03 Jun 2011

Unlike the classic children’s tale where slow and steady wins the race, in biomedical research it’s the hare that often gets the glory. This seems especially true in the biomarker field, where potential new indicators of disease risk and prognosis leap onto the scene with record speed, yet vanishingly few finish the journey to routine clinical use. A study in this week’s Journal of the American Medical Association reports the magnitude of the problem. In this analysis of high-profile biomarker papers, “about 85 percent of the time, the highly cited study reported a much stronger effect compared to what was suggested by the meta-analysis and largest study of the same association,” lead author John Ioannidis of Stanford University School of Medicine, Palo Alto, California, told ARF. The caution against overinterpreting individual studies applies to biomarker research in Alzheimer’s and other neurodegenerative diseases, scientists in the field noted, and large studies to address this concern are underway. Inflated effect sizes may not reflect faulty research, but rather ill-fated publication practices and funding mechanisms that are just starting to recognize the need for systems-based approaches in biomarker research.

To gauge the validity of initially reported biomarkers, Ioannidis and coauthor Orestis Panagiotou of the University of Ioannina School of Medicine, Greece, looked at biomarker articles cited more than 400 times in ISI Web of Science through 2010. The 35 eligible studies, all published between 1991 and 2006 in 10 high-impact journals, represent roughly the top 3 percent of biomarker papers, the authors note. The effects reported in these frequently cited papers were compared against results of meta-analyses and larger studies, with the idea that the latter investigations are “closer to the truth, statistically speaking,” Ioannidis said. Among the well-cited biomarkers, most were genetic variants or blood-based factors, and more than two-thirds were proposed for cancer or cardiovascular applications. The list did not include any imaging measures or indicators aimed at Alzheimer’s and other neurodegenerative disease. Ioannidis advises AlzGene on meta-analysis methodology.

Many of the highly cited associations were exaggerated, the authors found. For 30 of 35 frequently cited biomarkers, the largest study of each marker reported less promising effects, often more than twofold lower than those touted in the highly cited study. And in 29 cases, smaller effect sizes came up in the meta-analysis. At times, the large study or meta-analysis reported an association in the opposite direction as the oft-cited paper.

AD scientists found the results compelling, though not particularly new or surprising. “I think it’s an interesting paper. It will make people think,” said Chengjie Xiong, who heads the AD biostatistics core at Washington University School of Medicine in St. Louis, Missouri. However, “if you want to get to the bottom of the issue, it’s not the research per se. It’s how the research is published. Many negative findings do not end up in the literature.”

How does this play out in biomarker research? Initial studies tend to be small, which subjects them to considerable statistical variability, Xiong noted. “If the effect is variable in the right direction, journal editors get excited and will publish the findings,” he said. “But if they’re variable in the other direction, nobody cares and nobody publishes. That’s how the system works.” Making matters worse, Ioannidis said, spectacular results not only have an edge in getting published, but they are also more likely to get cited.

To curb these biases, “all studies should be reported—weak associations, strong associations, no associations,” Ioannidis said. “Otherwise, we’re left with a literature that is replete with seeming successes but does not reflect reality.”

Recognizing this problem, the journal Neurobiology of Aging started accepting negative data in 2004 (see ARF interview).

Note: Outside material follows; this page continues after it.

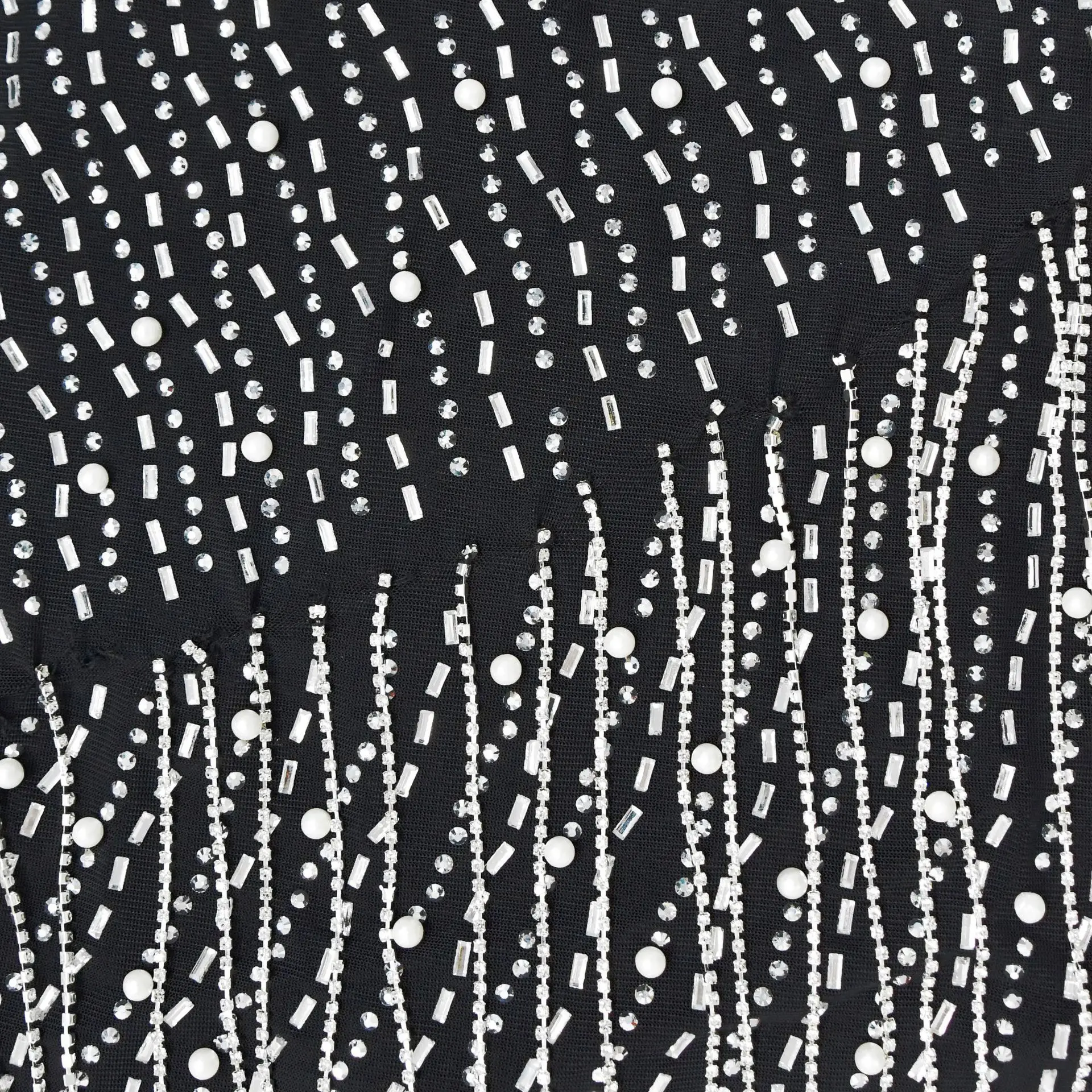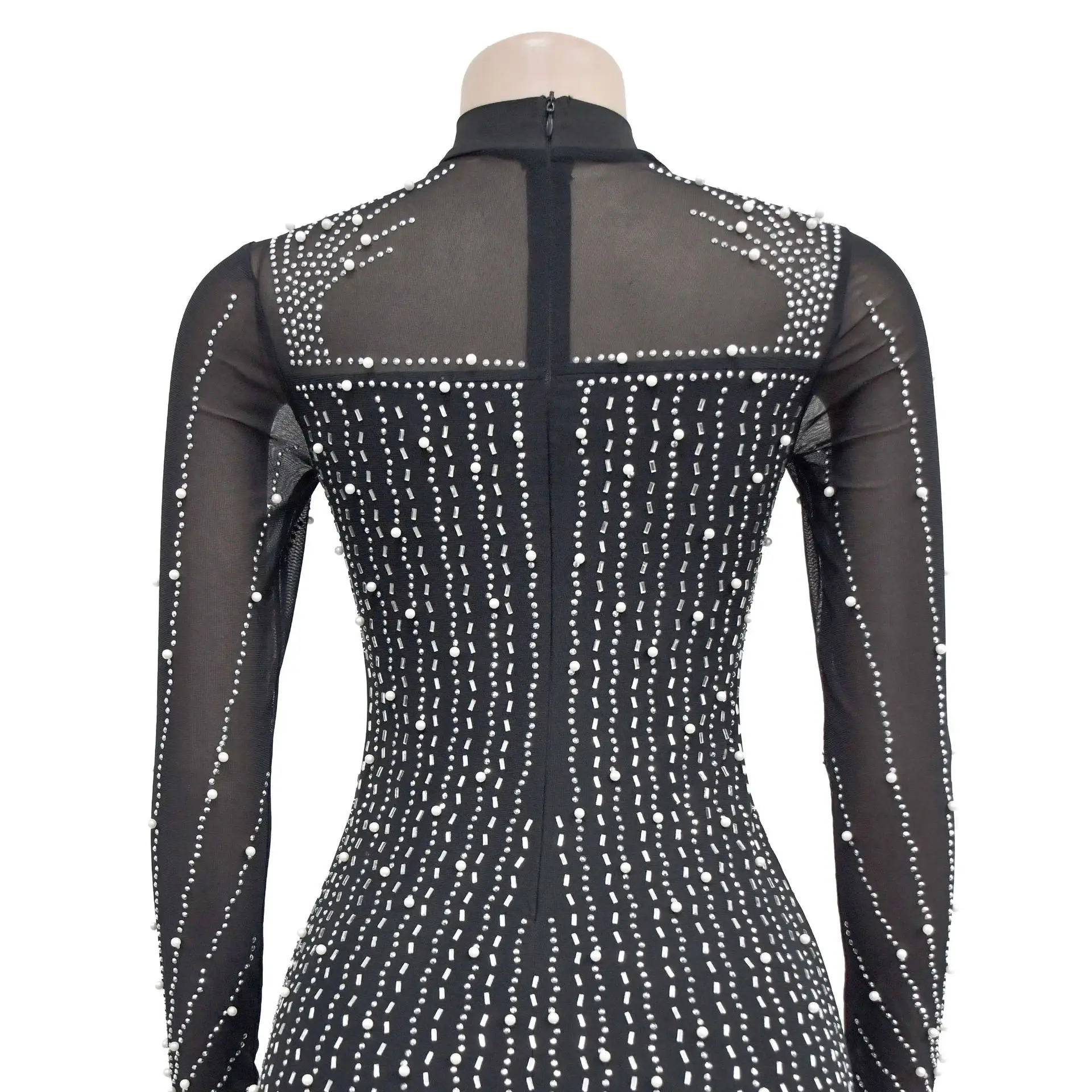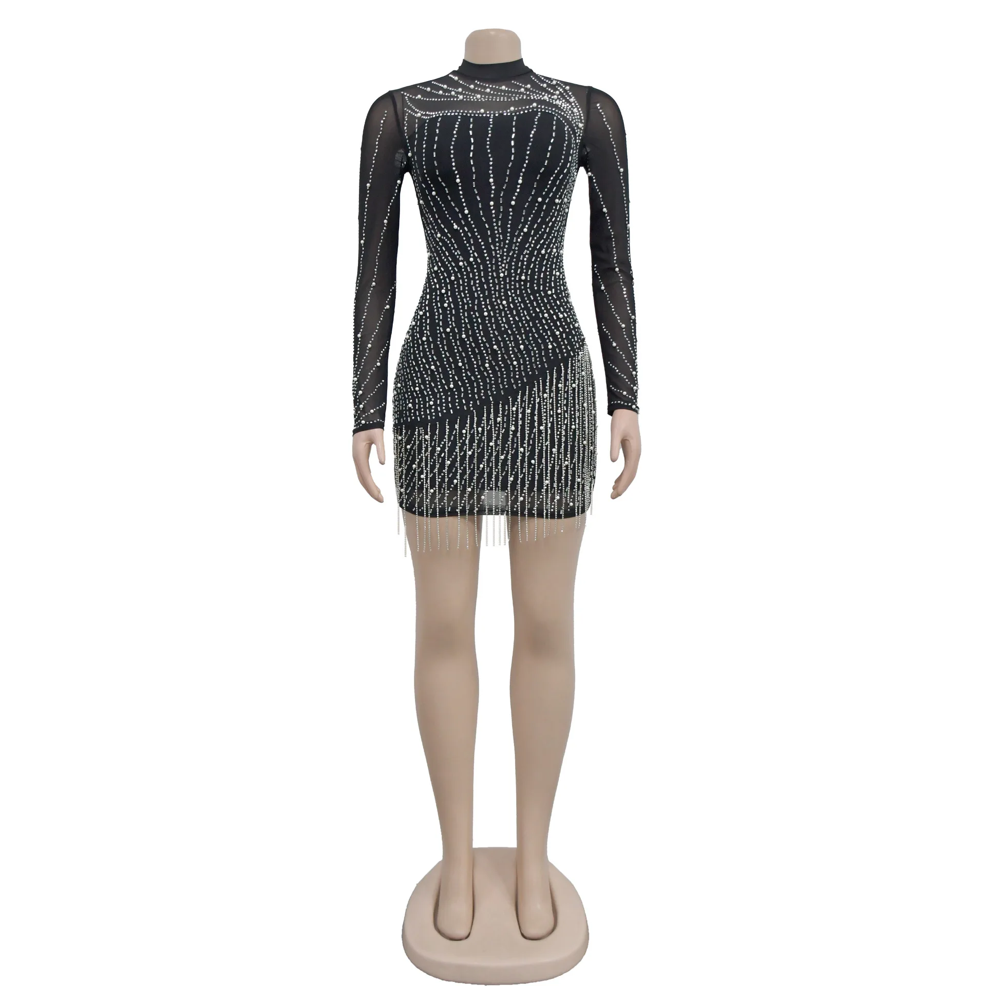 CM.YAYA Women Mesh See Though Diamonds Hot Rhinestones Pearl Tassel Bodycon Midi Dress 2023 Vestidos Sexy Party Evening Dresses

This applies to all relevant research studies, not just on biomarkers. To date, the journal has received 165 such submissions, 89 of which were accepted for publication, editor-in-chief Paul Coleman noted in an e-mail to ARF. “Just as one wants evidence for the validity of a positive result, we ask for evidence of the validity of a negative result—adequate sample size, appropriate procedures, appropriate data analyses, etc. We feel the standards for a negative result should be as rigorous as they would be for a positive result,” added Coleman, who heads an AD lab at the Banner Sun Health Research Institute in Arizona.

Given how research is funded, that may be easier said than done, suggested John Trojanowski of the University of Pennsylvania School of Medicine in Philadelphia. “Study sections will often fund discovery science, but it’s hard to get an R01 to confirm other people’s results,” he told ARF. “A kiss of death in an R01 grant application is ‘oh well, this is just confirmatory.’ There should be other funding mechanisms that say, ‘Yes, validation and confirmation are what we want,’” Trojanowski said. “It’s hard for single labs to do all the work needed to not only discover, but also validate and qualify, biomarkers to bring them forward to clear standards so they can be used in the clinic.”

Over time, this is becoming clear to the U.S. National Institutes of Health, which committed nearly two-thirds of the $120 million needed for both phases of the Alzheimer's Disease Neuroimaging Initiative (ADNI). This is a highly coordinated study engaging more than 1,000 research volunteers across North America (see ARF ADNI series and ARF related news story) for the purpose of validating and standardizing AD biomarkers. Similar efforts have sprung forth in the Parkinson’s field with the Parkinson’s Progression Markers Initiative (see ARF related news story), and for frontotemporal dementia research with the FTLD Neuroimaging Initiative. A recent Nature editorial argues that larger, collaborative studies like these are required to move claimed biomarkers into clinical practice (Poste, 2011).

Meta-analyses can also alleviate the problem of exaggerated effect sizes, as the JAMA paper points out. However, pooling data from studies with different cohorts and analysis techniques may cause problems, too, Xiong said. Ideally, meta-analyses would re-crunch the numbers on individual patient data collected from the various studies. However, such raw data are often unavailable. In a recent paper, Xiong and colleagues describe a method for doing meta-analysis that combines individual-level data from certain studies with summary statistics from others (Xiong et al., 2011).

How different labs collect the same data can complicate biomarker analysis even further—a problem not discussed in the JAMA report, noted Douglas Galasko of the University of California at San Diego (see full comment below). “The AD field has been highly aware of these issues, and is addressing quality control for imaging and biofluid biomarkers appropriately,” he wrote in an e-mail to ARF (e.g., ARF related news story; see also Shaw et al., 2011 and Fagan et al., 2011).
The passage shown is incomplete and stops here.